An anciently diverged family of RNA binding proteins maintain correct splicing of a class of ultra-long exons through cryptic splice site repression

  1. Biosciences Institute, Faculty of Medical Sciences, Newcastle University, Newcastle, United Kingdom
  2. Bioinformatics Support Unit, Faculty of Medical Sciences, Newcastle University, Newcastle, United Kingdom
  3. Department of Genetics, Perelman School of Medicine, University of Pennsylvania, Philadelphia, United States
  4. School of Biosciences, University of Sheffield, Sheffield, United Kingdom
  5. School of Computing, Newcastle University, Newcastle, United Kingdom

Peer review process

Revised: This Reviewed Preprint has been revised by the authors in response to the previous round of peer review; the eLife assessment and the public reviews have been updated where necessary by the editors and peer reviewers.

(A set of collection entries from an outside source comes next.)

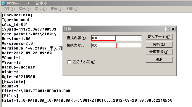 以记事本的方式打开ZT003输出文件中的UF2KAct.Lst文件,点击编辑下的替换,将001替换为003,并将该文件保存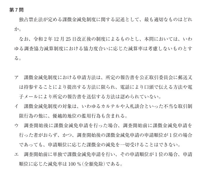イ: 課徴金減免制度の対象は、カルテルや入札談合の他に、優越的地位の濫用行為も含まれる。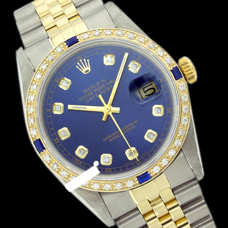 WATCH DETAILS: ITEM: WatchBRAND: RolexTYPE: Two ToneFEATURE: MODEL: DateJustMADE: Swiss MadeGENDER: LadiesCONDITION: Pre-OwnedFUNCTION: DateDIAL COLOR: BlueHOUR MARKERS: 10 Round Custom Made DiamondBEZEL TYPE: Custom Made Diamond & Sapphire BezelBEZEL STONE: Diamond G-VVS1 & Ceylon Blue SapphireBEZEL MATERIAL: 18K GoldBRACELET TYPE: Jubilee BRACELET MATERIAL: 14K Yellow Gold & Stainless SteelCLASP TYPE: Folding ClaspCLASP MATERIAL: Stainless SteelCASE STONE: CASE SIZE: 26mmCRYSTAL: Scratch Resistance Sapphire CrystalMOVEMENT: Automatic (Self Winding)CALIBER: 2030CROWN TYPE: Screw Down CrownWATER RESISTANCE: Waterproof to 10 ATM/100 meters/330 feetMODEL #: 6917SKU #: ALTJNS113We Buy/Sell/Trade Valuable watches, Please call us

Read more about eLife’s peer review process.

Editors

  • Reviewing Editor
    David Ron
    University of Cambridge, Cambridge, United Kingdom
  • Senior Editor
    David Ron
    University of Cambridge, Cambridge, United Kingdom

Reviewer #1 (Public Review):

Summary:

The article by Siachisumo, Luzzi and Aldalaquan et al. describes studies of RBMX and its role in maintaining proper splicing of ultra-long exons. They combine CLIP, RNA-seq, and individual example validations with manipulation of RBMX and its family members RBMY and RBMXL2 to show that the RBMX family plays a key role in maintaining proper splicing of these exons.

I think one of the main strengths of the manuscript is its ability to explore a unique but interesting question (splicing of ultra-long exons), and derive a relatively simple model from the resulting genomics data. The results shown are quite clean, suggesting that RBMX plays an important role in proper regulation of these exons. The ability of family members to rescue this phenotype (as well as only particular domains) is also quite intriguing and suggests that the mechanisms for keeping these exons properly spliced may be a quite important and highly conserved mechanism.

The revised manuscript addresses many of my earlier critiques and does an effective job of arguing that RBMX plays a large-scale role in regulating splicing of long exons. I think there are obvious open questions for future work (the mechanism of how RBMX/RBMXL2 achieve this splicing control is perhaps hinted at but not fully explored here), but I think the article provides an intriguing analysis of the role of RBMX that will activate interesting future studies.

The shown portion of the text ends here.